On Nov 11, 4pm PST we had the second Stake Wars call with around 20 people.
Due to the issues uncovered last week, we took more caution this time and chose to start the genesis in house and invite external people to join afterwards. The network was started several minutes before the call, and during the call, Peter demonstrated how to join the network and stake to become a validator.
The network went down at 14560 blocks at around 9:00pm PST on Monday. All validating nodes crashed almost simultaneously. From the logs we observed that the nodes had dramatic increase in memory and cpu usage right before the crash. Due to the lack of proper logging, we were not able to determine the cause of the crash and therefore decided to restart the network on Tuesday with more careful debugging and logging setup.
The network crashed again on Tuesday night, around 11pm PST. From the valgrind output we saw that a function that broadcasts message to the network used an unreasonable amount of memory. After some investigation and sifting through logs of more than 1GB we found that there is a subtle bug in our network code that would only be triggered under a specific circumstance. We quickly deployed a quick fix that prevents such bug in normal situations but are still working on fully fixing the issue in the byzantine setting. We restarted the network again on Wednesday and it has been running without any downtime since then.
Released v0.4.6 with updates (fully implemented finality gadget) and fixes described below.

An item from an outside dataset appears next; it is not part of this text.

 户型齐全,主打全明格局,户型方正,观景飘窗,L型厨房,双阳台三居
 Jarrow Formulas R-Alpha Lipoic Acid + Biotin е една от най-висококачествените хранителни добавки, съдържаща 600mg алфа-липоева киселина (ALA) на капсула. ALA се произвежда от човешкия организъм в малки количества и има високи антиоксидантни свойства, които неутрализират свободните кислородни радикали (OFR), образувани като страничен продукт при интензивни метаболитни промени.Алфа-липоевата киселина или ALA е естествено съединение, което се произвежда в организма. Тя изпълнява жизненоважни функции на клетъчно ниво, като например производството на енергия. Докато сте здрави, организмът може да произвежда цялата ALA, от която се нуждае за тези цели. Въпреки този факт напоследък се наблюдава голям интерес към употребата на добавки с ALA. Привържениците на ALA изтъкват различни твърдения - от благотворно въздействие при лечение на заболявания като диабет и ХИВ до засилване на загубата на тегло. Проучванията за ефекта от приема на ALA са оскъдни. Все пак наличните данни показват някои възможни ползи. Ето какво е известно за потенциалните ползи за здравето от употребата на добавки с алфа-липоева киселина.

- The aforementioned network bug. More specifically, when we receive account announcement we check whether it already exists in the routing table by doing an exact match. However, since account announcement has epoch id, and because a newly joined peer would rebroadcast the account announcement they receive from peers, if a node in the network announce their account for the next epoch at the same time, it causes the announcement to overwrite each other. Each overwrite would lead to a broadcasting to the entire network and therefore causes exponential growth of network messages, which causes the entire network to crash. The issue is temporarily fixed in https://github.com/nearprotocol/nearcore/pull/1688 and we are still working on fully fixing the issue.
- We also noticed that, even though we fixed some major memory leaks last week, nodes were still leaking memory slowly. Through inspection we found that some caches in ShardsManager were not properly implemented and caused the leak. This issue is fixed in https://github.com/nearprotocol/nearcore/pull/1706 (which is pending more testing).
- There is also some issue with rpc that makes wallet sometimes nonfunctional. Validators complained that they have to try multiple times to register one account name. This issue is fixed in https://github.com/nearprotocol/nearcore/pull/1699.
The experience this week shows that stability of our network is improving with each week. For next week, we will again open registration for stake wars to the public with a customized landing page that does input validation.
We also invite validator to start actually trying malicious or DDOS types of attacks to start testing non vanilla behaviors.